I have a question on speaker connection here. Is it generally considered best to wire both the main and tweeter to the speaker terminals, or should I simply wire the tweeter to the main driver?


----------



## 1Michael (Nov 2, 2006)

Wire each to the terminal.


----------



## Moonfly (Aug 1, 2008)

Right, bit of an update. I got the MDF all delivered and I have cut the driver holes in the baffles. I have taken pics and will upload soon (having trouble uploading for the minute) so welcome critisisms once they are live.

I have been considering putting the port to the top firing up. This will make it easier to construct but also remove the need for any bends in the port as well. Has anyone got any thoughts on that?


----------



## 1Michael (Nov 2, 2006)

That will work fine.
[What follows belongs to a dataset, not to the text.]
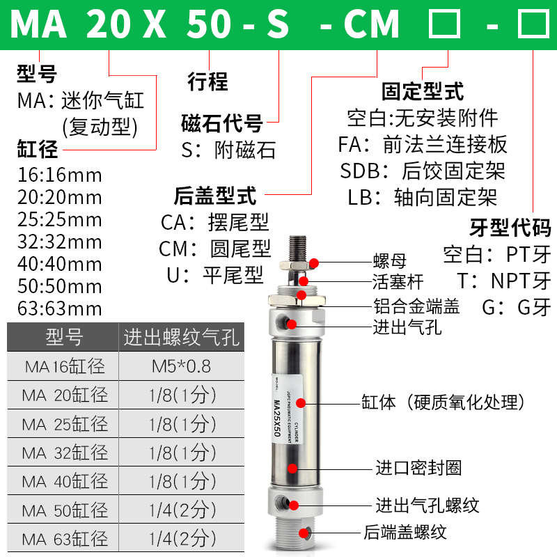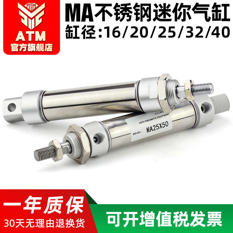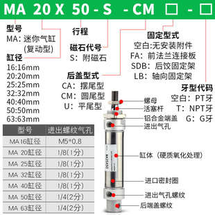 气动迷你不锈钢笔型气缸MA20 50x75x100x125x150
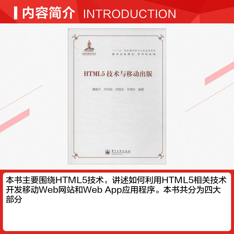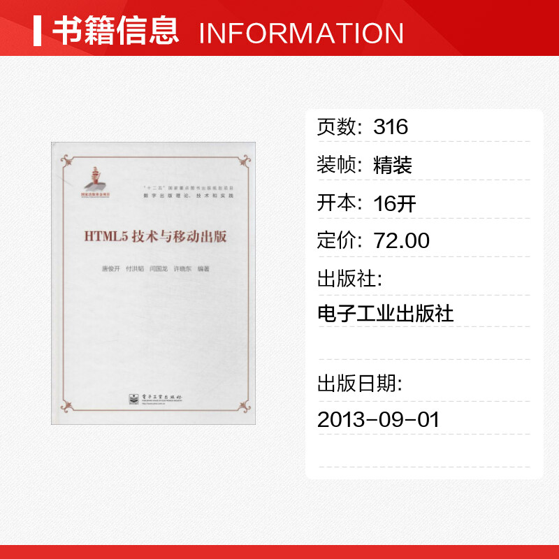 专业科技 社 等 电子工业出版 图书籍 新华书店正版 新 程序设计 著 唐俊开 HTML5技术与移动出版

Are you going to double up the baffle? You knew I was going to ask that didn't you:innocent:


----------



## Moonfly (Aug 1, 2008)

Ive actually decided against doubling the baffle, and instead I will just use 1" MDF all round. The drivers arent that powerful and dont have a massive amount of excursion so the MDF should be ok. I did route the MDF so the driver would flush fit, which slightly weakens the baffle a touch. If needs be, I may look into some way of fixing the driver to the rear of the cabinet as well, negating the need for any further strengthening. I also plan to make the baffle removable for now, which will give me some licence to experiment if I want.

As long as all goes well, I can fix the baffle fully before trying to get to work on the finish. It will also make it very easy to adjust the cabinet volume should I want to experiment.


----------



## Mike P. (Apr 6, 2007)

Top port will be fine.


----------



## Moonfly (Aug 1, 2008)

Heres the redesign:


----------



## Binary (Nov 23, 2009)

Subscribed!

I wanna know how this turns out. Im using 4 EL 70's in my center channel, with an active crossover.

The top port is an awesome idea, except that i feel like someones gonna drop change/garbage down it over time.


----------



## Moonfly (Aug 1, 2008)

I should have updated this as I have started the cabinets. I actually changed to the top port to ensure as clean air flow as possible. I also had to extend the port to maintain the tune because I increased the port with to 18mm, so . . . . . . . . . a gold moonfly star goes to the first person that can figure out why I changed to that width.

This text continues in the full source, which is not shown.